Let’s meet the audience of this movie. Yup, it’s supposed to be a movie within a movie, except that the movie within the movie is clearly real. It also can, and does, cause harm to those who are supposed to be watching it. I’m sure there’s an idea here, but all I see are a bunch of idiots who can be convinced to go out into the middle of the desert, without food or water, to watch a movie that murders it’s audience. They make it clear that everyone brought out to see the movie is killed, which means that these dumbasses had no recommendation from anyone, they just trusted some creepy motherfucker with a greasy comb over that looks like something out of a goddamn Hanna-Barbara cartoon.

Their blatant lack of intelligence and reasoning aside, it’s obvious that Quentin DonkeyPunch meant for these people to represent the modern movie going audience. Normally, when making an observation, I try not to use the word ‘obvious’. But DirtPlucker is about as subtle as a bag of broken glass dragged along someone’s ballsack.

I want to recap things one more time before I put the big fuck you cherry on top of the garbage cake. We have a bunch of characters and events that are completely absurd, yet there’s deeper meanings underneath most of what’s going on. In between these moments, we have to put up with boredom in it’d purist form. What’s worse than a boring, pretentious movie? How about one that completely destroys it’s own premise?

This ‘No Reason’ speech happens in the first five minutes of the movie. It didn’t even get started and it already fucked itself up. I had to show this part at the end, because when I saw it in the beginning, I got really tripped up over what I was watching. Forget how boring the movie is, forget that it’s deliberately absurd, this one speech renders everything Quentin DickPuller wanted this movie to be completely moot.

The very premise of what this asshole is saying is wrong. He lists off a bunch of plot points that have no reason to them, yet every single one of them does, in fact, have a reason. Including his brilliant observation that we can’t see the air around us. This little factoid could be settled with an 8th graders science book. When you say shit like that, it’s not deep, complex thought, it’s fucking ignorance.

What is the point of the speech is deliberately misleading? Wouldn’t that set things straight? No…not at all. Much of the movie does relies on this idea of ‘no reason’, yet when things start getting all deep and shit, it puts the premise aside to do whatever the fuck it wants. It feels like this whole ‘no reason’ bullshit is just a bandaide that Quentin DungPillow can put over scenes that didn’t work the way he wanted.
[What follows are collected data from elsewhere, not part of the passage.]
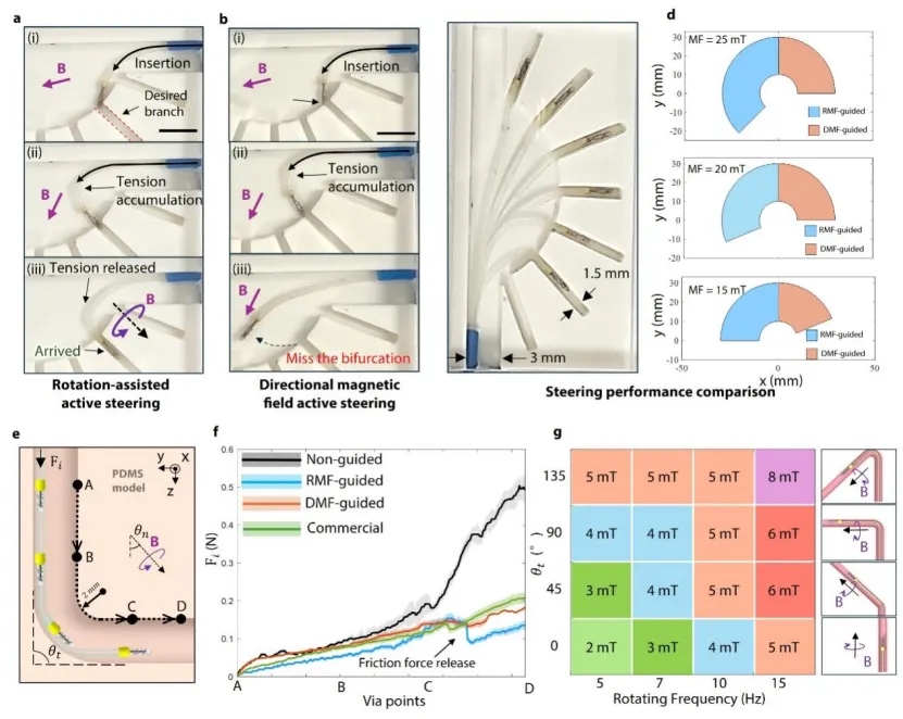 在导航实验中,利用机器人臂控制的五自由度磁体系统产生定向和旋转磁场,实现微导管头部的精准定位和方向控制。实验设置包括人脑血管硅胶仿真模型,涵盖多处狭窄且角度尖锐的分支,通过旋转辅助导航策略减少导管尖端与血管壁的摩擦阻力,有效防止导管体的弯曲和卡阻。结果显示,旋转辅助方法使导管在多重急转弯的血管模型中通行更加顺畅,导航效率较传统静态磁场引导提升约50%,且插入力显著降低,验证了微导管设计在实际应用中高效且安全的导航性能。此外,旋转运动还能促进流体在导管工作腔的输送,增强药物输送效能(图2)。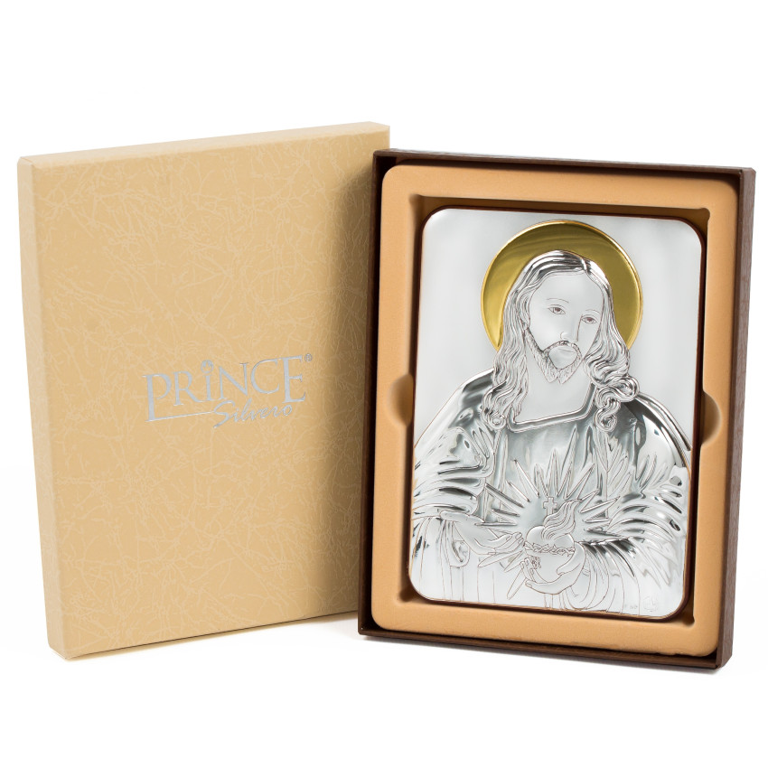 Пресвяте Серце Ісуса 10X14см срібна італійська ікона MB/E982/3X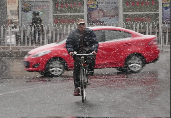 青島市區(qū)迎來(lái)龍年首雪(尚品 攝)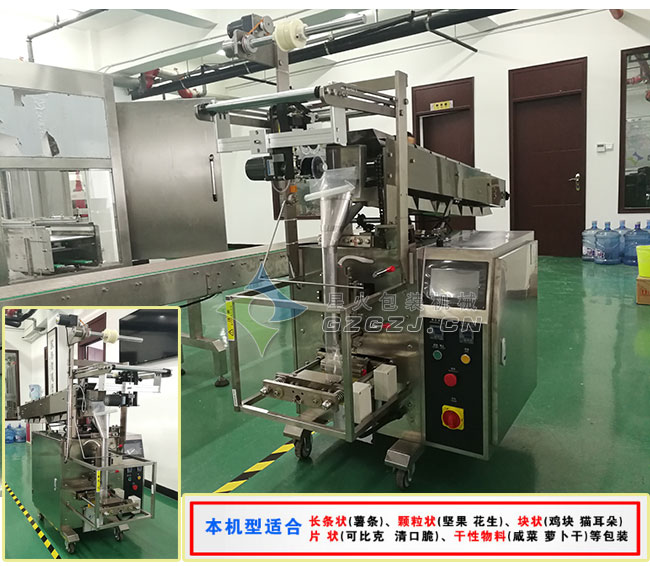 干果包裝機(jī)適用于膨化食品,薯片,糖果,開心果,葡萄干,湯圓,肉丸,花生,餅干,果凍,蜜餞,核桃仁,咸菜,冷凍餃子,杏仁,鹽,洗衣粉,固體飲料,麥片,農(nóng)藥顆粒等顆粒片狀,短條、粉狀等物品的包裝。

This was the first time I ever had to wonder if I was watching the movie correctly. I wasn’t sure when I should and shouldn’t actively think. If I saw something that seemed important, I’d be reminded that I wasn’t supposed to think about it, yet when I stopped pick out the details I felt like I was missing something. I was so beaten by doubt and boredom that when the movie ended, I needed a few minutes to remind myself that I’m not some dumb schmuck. If I can understand the plots of David Lynch movies, then it can only be Quentin DampPussy’s failure as a filmmaker that was fucking me up.

In the end, even the movie gets sick of itself. An elaborate plan goes into motion to destroy the tire, yet our hero cockbag, decides the better course of action is to say ‘fuck it’ and just shoot the damn thing. Then, just because DillPaws didn’t think we hated him enough, the tire resurrects as a tricycle and rides away.

This man, this ass slurping dickatee, is still making movies. We need to stop him. He should be considered a terrorist and a national threat. I’m pretty sure showing prisoner Rubber, along with waterboarding, was banned as an interrogation technique at Guantanamo Bay. This movie changed my life the same way a Priest changes an Altar boy’s. If I never see it again, it’ll be too soon.